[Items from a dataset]
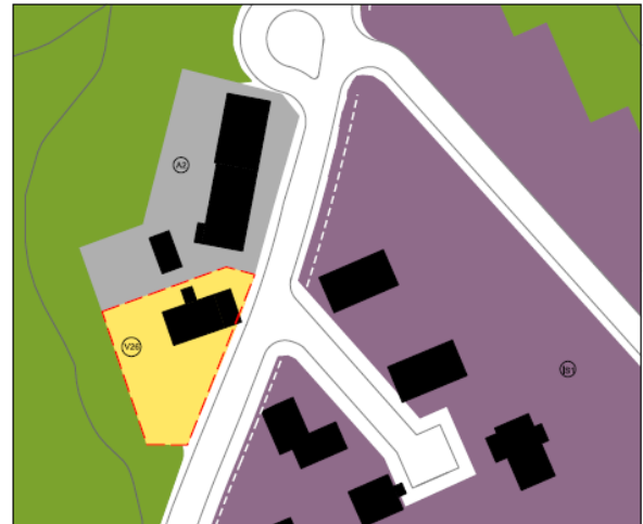
Mynd 2 Hugmynd að breytingu
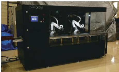
吸引タイプ(型式:KRB-V)は破碎後のミックスメタルから銅や真鍮を回収

レクターとV-BUSTERは現在まで着々と受注を積み重ねており、中国が雑品の輸入禁止を打ち出した19年末前後を起点に黒モーターを対象にしたスーパーシュレッダーと小型の複合物を対象にしたV-BUSTERを導入する動きが加速し、現在もサンプルテストの依頼や見積り案件が続いています。
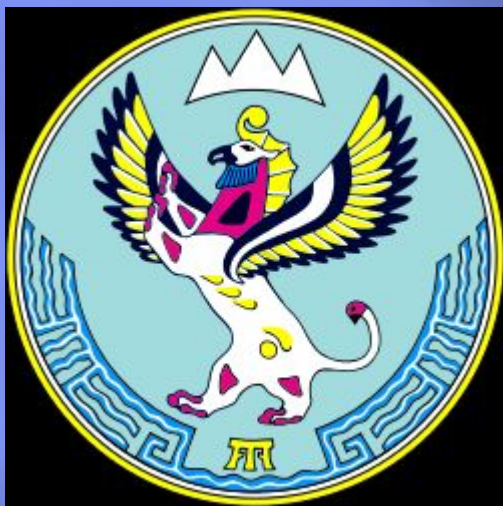
Герб Республики Алтай
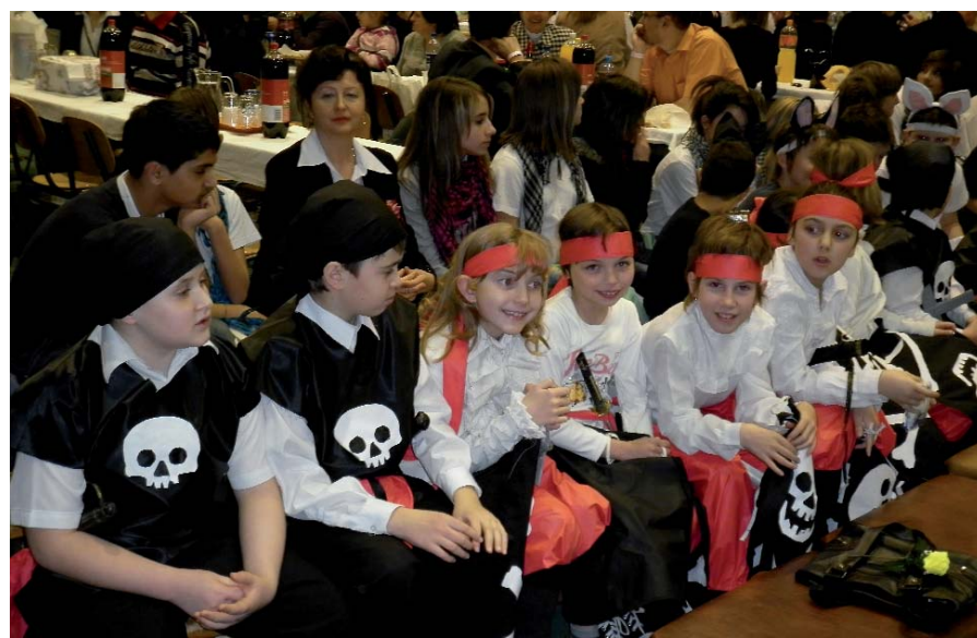
IZGATOTTAN VÁRNAK SORUKRA A KARIB-TENGER KALÓZAI

A Városi Általános Iskola Alsósági Tagiskolája február 11-én rendezte meg hagyományos SZM-bálját. A farsangi műsor az idei évben a szivárvány jegyében zajlott, az iskola diákjai a színpaletta ezer arcát keltették életre a színpadon, vidámságot és melegséget lopva a szürke téli mindennapokba. A maszkabálok elengedhetetlen kellékei, a mókás jelmezek idén sem hiányoztak az iskolások produkcióiból, a nézők

◆ **Problem statement**:
From the line that contains "IZGATOTTAN VÁRNAK SORUKRA" down to the last line above, print each line exactly as it appears.

◆ **Solution for this task**:
IZGATOTTAN VÁRNAK SORUKRA A KARIB-TENGER KALÓZAI

A Városi Általános Iskola Alsósági Tagiskolája február 11-én rendezte meg hagyományos SZM-bálját. A farsangi műsor az idei évben a szivárvány jegyében zajlott, az iskola diákjai a színpaletta ezer arcát keltették életre a színpadon, vidámságot és melegséget lopva a szürke téli mindennapokba. A maszkabálok elengedhetetlen kellékei, a mókás jelmezek idén sem hiányoztak az iskolások produkcióiból, a nézők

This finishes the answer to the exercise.